There are currently two major online tools to subtitle videos, dotSUB and Universal Subtitles. dotSUB is a proprietary, commercial tool that is focused on providing subtitling and captioning solutions to commercial content producers. Their technology also powers TED’s Open Translation Project which enables volunteer translators to make TED videos available in nearly 80 different languages. In addition to providing enterprise solutions to corporate clients, dotSUB also has a fairly active volunteer translator community that uses the website to upload, caption, translate, and share videos that they are interested in. Universal Subtitles is a new tool that was just recently launched by the Participatory Culture Foundation, the group behind Miro, an open source podcasting and video client similar to iTunes. Universal Subtitles is an open source, Javascript-based widget that allows the subtitling of videos hosted on YouTube, Blip.tv, DailyMotion, and also self-hosted videos. Unlike dotSUB, which only has a Flash-based video player, Universal Subtitles also supports HTML5 so that subtitled videos can be viewed on devices that do not support Flash, such as the iPhone and iPad.

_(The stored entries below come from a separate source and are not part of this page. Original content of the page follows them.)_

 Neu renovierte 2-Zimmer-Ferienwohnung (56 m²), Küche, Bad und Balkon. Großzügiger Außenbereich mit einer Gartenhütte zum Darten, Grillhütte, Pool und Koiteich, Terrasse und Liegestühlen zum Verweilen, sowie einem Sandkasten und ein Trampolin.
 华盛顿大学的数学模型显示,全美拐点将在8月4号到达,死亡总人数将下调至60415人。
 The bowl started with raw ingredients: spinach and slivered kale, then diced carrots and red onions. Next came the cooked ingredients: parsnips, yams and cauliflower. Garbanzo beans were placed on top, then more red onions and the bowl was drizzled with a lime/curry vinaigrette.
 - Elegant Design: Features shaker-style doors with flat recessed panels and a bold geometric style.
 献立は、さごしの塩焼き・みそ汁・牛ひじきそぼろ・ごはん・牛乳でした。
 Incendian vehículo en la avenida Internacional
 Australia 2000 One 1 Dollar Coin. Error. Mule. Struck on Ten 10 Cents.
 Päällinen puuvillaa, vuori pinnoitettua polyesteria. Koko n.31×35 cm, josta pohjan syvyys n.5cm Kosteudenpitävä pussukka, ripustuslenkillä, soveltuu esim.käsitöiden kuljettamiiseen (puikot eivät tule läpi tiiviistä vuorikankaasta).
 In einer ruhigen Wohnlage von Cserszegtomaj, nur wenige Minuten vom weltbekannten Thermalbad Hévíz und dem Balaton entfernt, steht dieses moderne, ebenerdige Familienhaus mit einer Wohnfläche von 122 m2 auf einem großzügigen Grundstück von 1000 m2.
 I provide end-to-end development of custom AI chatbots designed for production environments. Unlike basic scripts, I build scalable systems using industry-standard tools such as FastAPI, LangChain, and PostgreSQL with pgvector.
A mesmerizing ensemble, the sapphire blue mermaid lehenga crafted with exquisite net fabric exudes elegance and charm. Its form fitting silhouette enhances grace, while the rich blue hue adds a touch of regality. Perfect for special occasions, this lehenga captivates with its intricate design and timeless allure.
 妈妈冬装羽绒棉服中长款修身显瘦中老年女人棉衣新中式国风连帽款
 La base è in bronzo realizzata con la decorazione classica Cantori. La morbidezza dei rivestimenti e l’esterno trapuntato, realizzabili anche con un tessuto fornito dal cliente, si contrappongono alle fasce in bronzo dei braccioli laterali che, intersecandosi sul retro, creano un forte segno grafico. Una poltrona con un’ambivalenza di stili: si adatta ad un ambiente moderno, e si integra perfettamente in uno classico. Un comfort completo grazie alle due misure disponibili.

For the user deciding between the two tools there are a few important differences to keep in mind. As of this post, Universal Subtitles is still in beta and thus less stable than dotSUB, which has been around for several years now. On the other hand, Universal Subtitles offers several features that are not possible with dotSUB. Perhaps most importantly, dotSUB forces users to first caption a video in its original language before adding subtitles in another language. While the intention is to promote quality translations while the video is translated into other languages, it might discourage users who would like to make it accessible to speakers of another language without taking the time-consuming step of first captioning the video in its original language. Universal Subtitles allows you to instantly add subtitles in any language you would like. Also unlike dotSUB, Universal Subtitles does not require you to host the video on their website. Rather, they simply offer you a tool to place subtitles as a layer over any existing video that is hosted on YouTube, Blip.tv, or on your own website. This also implies an interesting legal distinction — a subtitled video is legally considered a derivative work, which means you must first secure the permission of the copyright holder. But one could argue that Universal Subtitles as a tool does not produce subtitled videos; rather they facilitate a way for viewers to lay a text file over an already existing video.

Most importantly, both tools are free to use and allow users to make online video accessible in more languages. Both tools allow you to download copies of the subtitles that you have produced in various formats, but dotSUB only allows the “owner” of the video to download the subtitles while Universal Subtitles gives all users access. Neither dotSUB nor Universal Subtitles allow you to download a copy of the video with embedded subtitles. In order to watch the video with subtitles offline, we will need to go through a few more steps.

The Workflow

I used both Universal Subtitles and dotSUb to add subtitles to the video. Renata Avila helped me with the captioning of the video in Spanish on dotSUB and I then translated it into English. On Universal Subtitles I simply typed in the English translation as I watched the video.

There are two types of subtitles, hard and soft. Hard subtitles are burned into the video, meaning that they always appear whenever you watch the video. Soft subtitles give you the option to watch the video with or without subtitles/captions (as we are used to when we watch DVD’s). Unfortunately most online video currently uses hard subtitles (for example, on Netflix you cannot turn subtitles on or off), but in fact many video formats including QuickTime, Divx, and OGG allow ways to embed soft subtitles that can be turned on or off in your video player.

In order to watch the above video with English and Spanish subtitles on my iPhone I use a program called iSubtitle. (Subler is another choice, an open source program that allows the embedding of subtitles into QuickTime files.) First I download the video from YouTube using Evom. Then I download the subtitles from either Universal Subtitles or dotSUB. I open iSubtitle and import both the video and the two subtitle files.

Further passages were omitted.